Can Nature Have Rights? That’s No Longer the Question

Mari Margil

Center for Democratic and Environmental Rights

Editors’ note: This post is part of a joint symposium between the IACL-AIDC Blog and African Law Matters, featuring posts on the theme ‘Constitutional Transformations’ from participants at the upcoming World Congress of Constitutional Law in Johannesburg, South Africa 5-9 December 2022.

In 2006, the world’s first “rights of nature” law was enacted.  The law was adopted by the small community of Tamaqua Borough, in the State of Pennsylvania in the United States of America.  

Two years later, Ecuador became the first country to enshrine the rights of nature – Pacha Mama – in a national constitution.

Since those early days of the rights of nature movement, local communities, countries, First Nations, and courts have secured legal rights of the natural world.  

National laws are now in place in Uganda, Panama, and Bolivia, with subnational and local laws established in Brazil, the U.S.A, Mexico, and Canada.  First Nations, including the White Earth Band of Chippewa and the Yurok Tribe in the U.S.A, and the Innu Council of Ekuanitshit in Canada, have established laws securing legal rights of ecosystems and species.  Further, in Colombia, India, and Bangladesh, courts have declared that rivers and other ecosystems possess legal rights.

The rights that nature possesses, as recognized within these laws and court rulings, include the most basic right of all – the right to exist – as well as rights to thrive, regenerate, evolve, perform natural functions, and be restored.  In addition, as specific ecosystems and species have been recognized as rights-holders, rights particular to their needs have also been secured, including the right to pure water, to freshwater habitat, and a healthy climate system.

Western legal systems have long considered nature as an infinite resource, existing for human use.  Under such thinking, nature has long been considered as a thing – an item of property or commerce – without legal rights.  Environmental laws largely regulate the use of nature, by authorizing industrial activities such as the contamination of millions of gallons of freshwater at every frack well, dynamiting the tops off of mountains to mine coal, and establishing how much greenhouse gas pollution can be emitted to the atmosphere by electricity producers.  

Today, under environmental laws in place around the world, we regulate the use of almost every aspect of nature – from the air, to waters, lands, soils, species, the atmosphere, and beyond.  

The consequences of treating nature in this way are proving severe.  The 2019 Intergovernmental Science-Policy Platform on Biodiversity and Ecosystem Services (IPBES) study, Global Assessment Report on Biodiversity and Ecosystem Services found that species extinction rates are accelerating due to human activity, with one million species now facing extinction.  We are causing, what many are calling, Earth’s “sixth great extinction” event

Climate change is also accelerating.  In January 2022, the European Union’s Copernicus Climate Change Service announced that the past seven years were the hottest in recorded human history.  And in August 2022, the journal Nature Climate Change, published a landmark study finding that even if all greenhouse gas emissions were to immediately cease, melting of the Greenland ice sheet, which will raise sea levels an estimated ten inches by the end of the century, is inevitable.  

Study after study is demonstrating the destructive impact that human activity has had on nature, ripping holes in the very fabric of life.  The need for a fundamental shift in how we govern ourselves toward the natural world, and how we treat nature under the law, is clear. 

This comes as the movement to recognize that nature is something other than a thing, that we are in fact part of and dependent on nature, is growing.

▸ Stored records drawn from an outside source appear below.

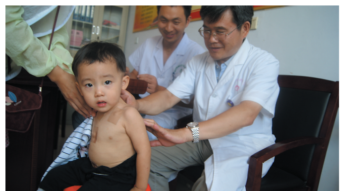
7月12日上午8点,台儿庄区中医医院举行“治未病—冬病夏治”大型健康科普活动,现场开展了健康讲座,并为群众发放体验卡以及免费穴位贴敷等。

滕州讯 为更好地做好传染病防治工作,近日,北辛社区卫生服务中心对医务人员进行了感染病防治的相关知识培训。此次培训以传染病防治法及突发公共卫生应急条例等为主要内容,采取幻灯片教学形式,图文并茂满足了医务人员的学习需要,确保了培训实效。此次培训的开展,提高了医务人员的传染病专业知识、传染病监测及网络直报素质、突发公共卫生事件相关知识,以及医务人员对传染病防治重要性和紧迫性的认识,提高医疗服务质量。(杨通)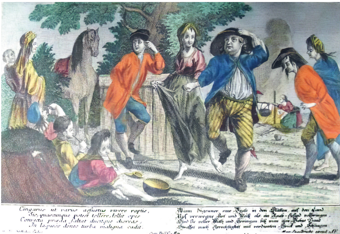
Abb. 2 Martin Engelbrecht (1684–1756), aus dem Zyklus Der Tanz , ca. 1725; Zeitabschnitt der aggressivsten Verfolgung; die Bildunterschrift droht den sorglos feiernden „Ziegeunern“ „Strick und Schlingen“ an.

sondern vielmehr solchen gefährlichen bösen leuthen unterschleiff geben lassen“ (1717). 33 Ein Amtmann beschwerte sich, noch vor dem Beginn der Verfolgung sei klar gewesen, „daß dieser Aufzug, ohnerachtet solcher sehr geheim gehalten, albereits verrathen, folglich von diesem herrnlosen und diebischen Gesindel die Retirade [...] genommen“ (1725). 34 Eine Regierung ging davon aus, dass jede „concer- tirte allgemeine Landstreiffung“ erfolglos bleiben werde, da „denen Ziegeunern das Vorhaben der vorzunehmenden Perquisition gemeiniglich bekannt gemacht“ werde (1741). 35 Ein mit der Organisation von Streifungen Beauftragter erklärte, dergleichen würde so oder so scheitern, weil „die Schelmen und Diebsrotten [von „Ziegeunern“] doch zum wenigsten einen Bauern in jedem Dorff haben, der mit ihnen unter der Decke lieget und ihnen die nöthigen Nachrichten mittheilt“ (1748). 36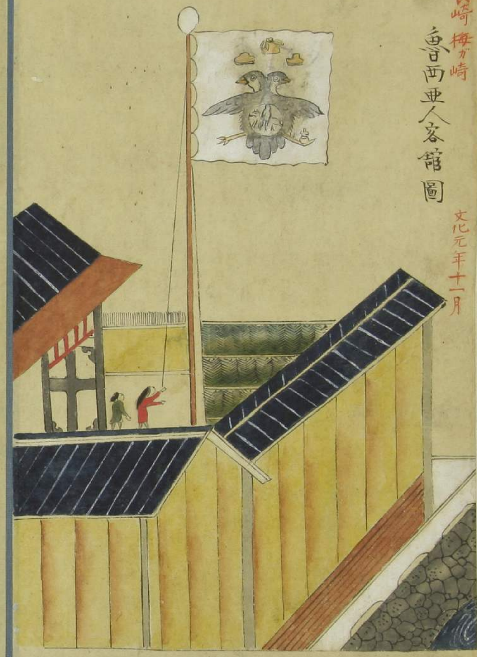
魯西亞國船印小旗圖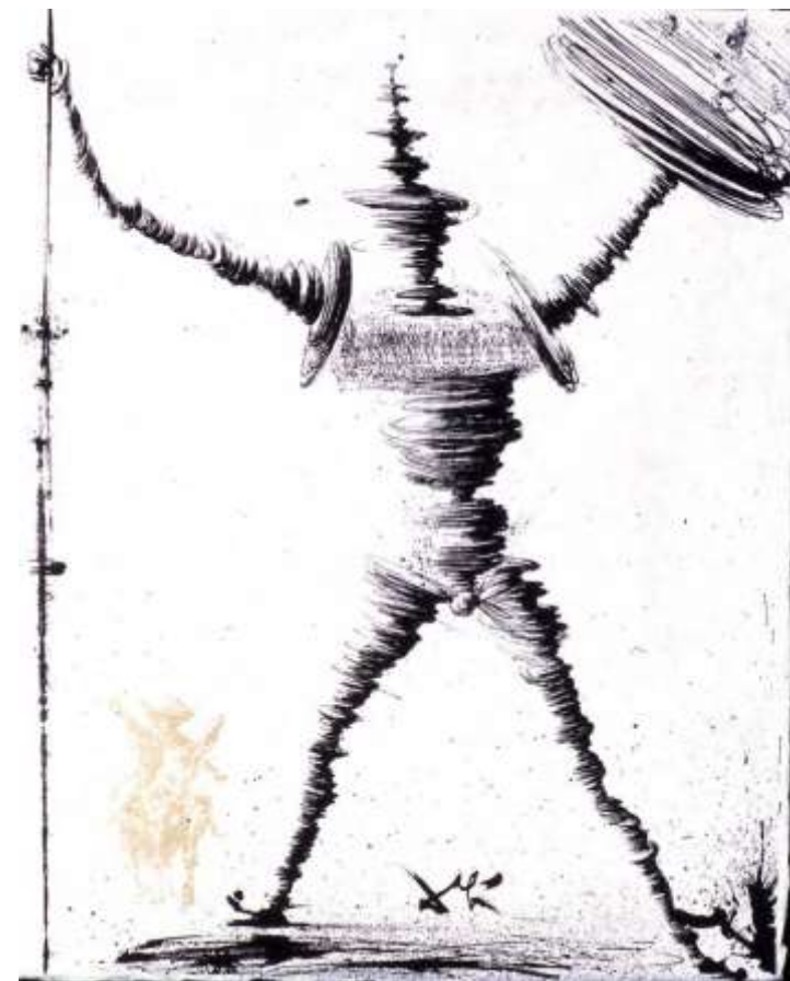
Salvador Dali, Don Quijote

Don Quijote pojavljuje se u dva stanja tijekom romana koji se mogu analizirati u kontekstu harmonije . Na samom početku i na kraju je normalan, dok je u ostalim dijelovima romana lud, kako predstavlja Cervantes. Prijelaz iz normalnog stanja (jednoličan život u skućenoj seoskoj sredini, bavljenje lovom i čitanjem knjiga o vitezovima) u stanje ludila opisan je sa stajališta pripovjedača u 3. licu, a ne junaka. Javlja se razlika između vlastita viđenja samog sebe i onoga kako ga drugi vide. Izmučen i pun gorčine vraća se kući, spava šest sati te se nakon toga budi normalan i vidi sebe kako ga i drugi vide. Don Quijote shvaća da su ga knjige opčinile te se želi ispričati svima zbog svog zaludnog ponašanja. Nakon što je sagledao sam sebe očima drugih, oslobođen je iluzija te umire. Psihološke osobine, zanimljivo, ostaju iste i pri zdravom i poremećenu razumu. Istinoljubiv je, velikodušan, razborit, iskren, pravdoljubiv, samilostan, požrtvovan i hrabar. Pritom Cervantes iskazuje besmislenost slavljaljubivosti u jednom društvu koje ne cijeni viteški poziv te koje ostavlja u bijedi one koji su zemlji donijeli moć i slavu.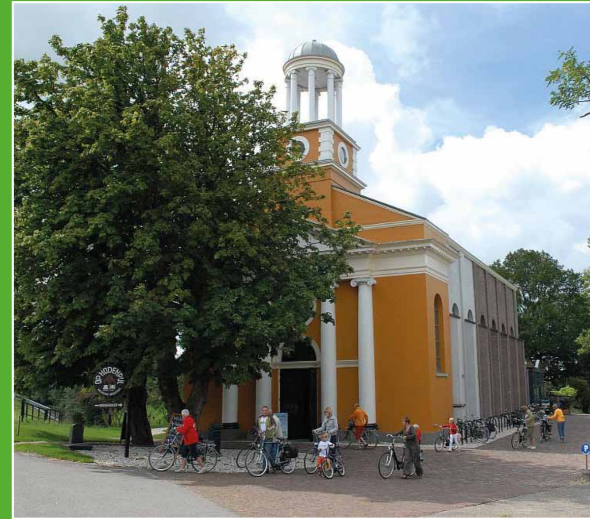
① Op Hodenpijl

Op Hodenpijl is een historische buitenplaats waar cultuur, kunst, gezondheid en welzijn bij elkaar komen. Proef de smaken van Midden-Delfland in het restaurant de Herdershof, bezoek een lezing, concert of expositie. Of kijk rond in de stal en de (moes-)tuinen die het restaurant voorzien van zuivel, vlees en groenten. Adres: Rijksstraatweg 20-22, Schipluiden. Open: di t/m zo vanaf 10.00 uur.

Civil society, communities, governments, and even courts are coming to the conclusion that our current exploitive relationship with the natural world is untenable.   

Moving toward a rights-based framework

In the U.S.A, there is a long history of people’s movements mobilizing to change how certain “entities” are treated by the law, from being considered things – and considered the property of others – to being recognized as people with legal rights.  

The Abolitionist movement sought to end slavery and transform how the law treated enslaved people, from being considered the legal property of slave masters, to being free people protected with legal rights of their own.  Women organized through the Suffrage movement to no longer be considered the property of their father or husband, but rather to be recognized as rights-bearing individuals.  

With this history in mind, perhaps it is not surprising that the movement to transform nature from being considered a thing, or property, to being protected as a living entity with legal rights, would begin in the U.S.A  But as for the Abolitionists and Suffragists, it is not an easy path.

The late American law professor Christopher Stone wrote a law review article in 1972 titled “Should Trees Have Standing? – Toward Legal Rights for Natural Objects,” which explored the idea of nature possessing legal rights.  He wrote: 

“Throughout legal history, each successive extension of rights to some new entity has been, theretofore, a bit unthinkable...The fact is, that each time there is a movement to confer rights onto some new “entity,” the proposal is bound to sound odd or frightening or laughable.  This is partly because until the rightless thing receives it rights, we cannot see it as anything but a thing for the use of “us” - those who are holding rights at the time...There is something of a seamless web involved: there will be resistance to giving the thing “rights” until it can be seen and valued for itself; yet, it is hard to see it and value it for itself until we can bring ourselves to give it “rights” - which is almost inevitably going to sound inconceivable to a large group of people.”

Describing how this occurred during the Abolitionist and Suffragist movements, Stone envisioned a similar fate for nature.  His warning proved prescient.

Since my organization’s co-founder, Thomas Linzey, drafted the first rights of nature law in 2006, we have repeatedly heard the argument “nature can’t have rights!”  Often this comes from corporate and development interests, but not exclusively.  For some, it challenges the notion that human beings are divinely intended to rule nature, or somehow that recognizing the rights that nature needs to be healthy and resilient will diminish the “right” that humanity assumes it has to use nature.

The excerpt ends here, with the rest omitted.